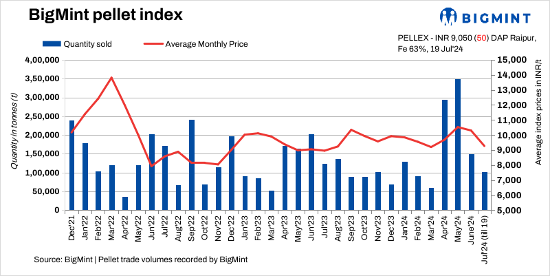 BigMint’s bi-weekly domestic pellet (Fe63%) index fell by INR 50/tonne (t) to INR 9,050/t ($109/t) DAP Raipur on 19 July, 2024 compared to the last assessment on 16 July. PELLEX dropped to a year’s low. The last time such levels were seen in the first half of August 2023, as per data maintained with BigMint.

========

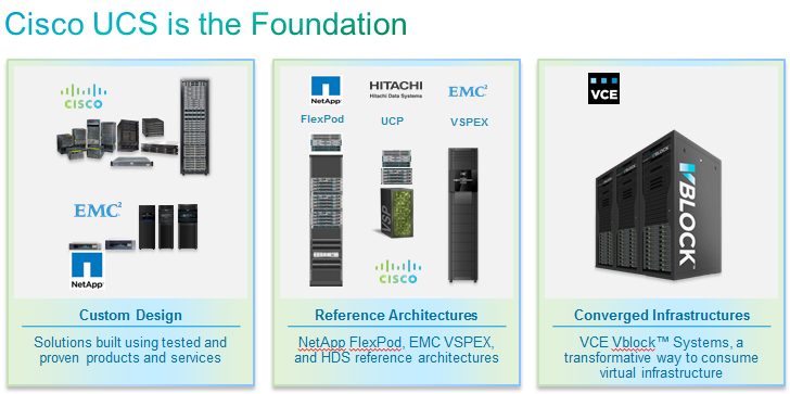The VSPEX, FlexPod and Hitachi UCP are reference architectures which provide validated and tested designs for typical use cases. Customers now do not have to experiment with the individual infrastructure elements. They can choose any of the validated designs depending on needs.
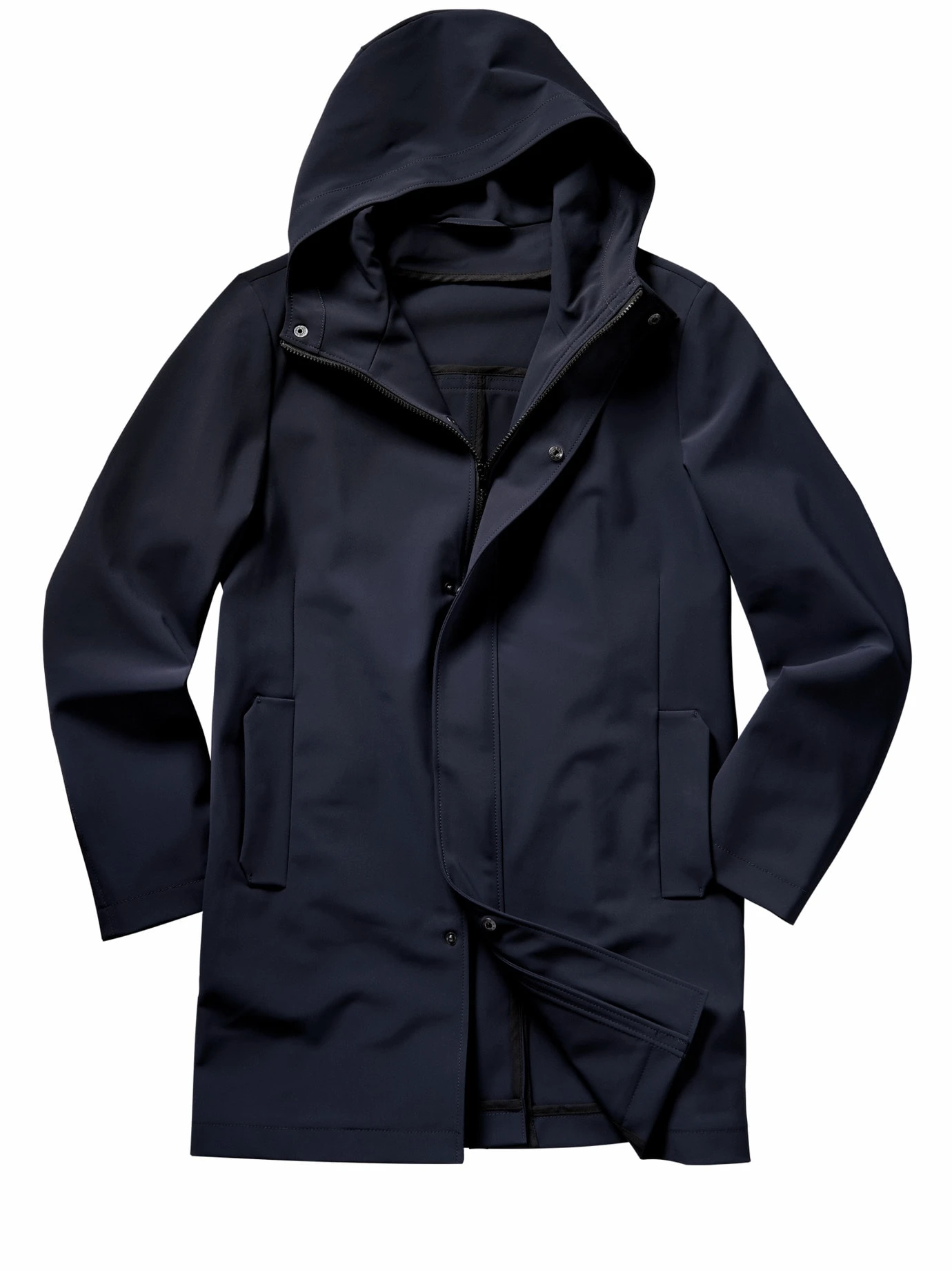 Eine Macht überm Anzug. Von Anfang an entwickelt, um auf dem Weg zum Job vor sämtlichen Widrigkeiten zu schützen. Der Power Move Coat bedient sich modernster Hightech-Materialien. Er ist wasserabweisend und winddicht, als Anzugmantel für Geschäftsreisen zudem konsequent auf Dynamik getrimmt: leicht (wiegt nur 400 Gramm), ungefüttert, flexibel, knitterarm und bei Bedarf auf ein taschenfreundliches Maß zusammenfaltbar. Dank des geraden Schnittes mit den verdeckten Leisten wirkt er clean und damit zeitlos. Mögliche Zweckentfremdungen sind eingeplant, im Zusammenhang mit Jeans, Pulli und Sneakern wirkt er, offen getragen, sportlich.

========

▸ TASK:
Given the entries above, transcribe exactly the lines from the one holding "The VSPEX, FlexPod" through the one holding "Eine Macht überm"; pictures do not belong in the transcription.

▸ RESPONSE FOR THIS EXERCISE:
The VSPEX, FlexPod and Hitachi UCP are reference architectures which provide validated and tested designs for typical use cases. Customers now do not have to experiment with the individual infrastructure elements. They can choose any of the validated designs depending on needs.
 Eine Macht überm Anzug. Von Anfang an entwickelt, um auf dem Weg zum Job vor sämtlichen Widrigkeiten zu schützen. Der Power Move Coat bedient sich modernster Hightech-Materialien. Er ist wasserabweisend und winddicht, als Anzugmantel für Geschäftsreisen zudem konsequent auf Dynamik getrimmt: leicht (wiegt nur 400 Gramm), ungefüttert, flexibel, knitterarm und bei Bedarf auf ein taschenfreundliches Maß zusammenfaltbar. Dank des geraden Schnittes mit den verdeckten Leisten wirkt er clean und damit zeitlos. Mögliche Zweckentfremdungen sind eingeplant, im Zusammenhang mit Jeans, Pulli und Sneakern wirkt er, offen getragen, sportlich.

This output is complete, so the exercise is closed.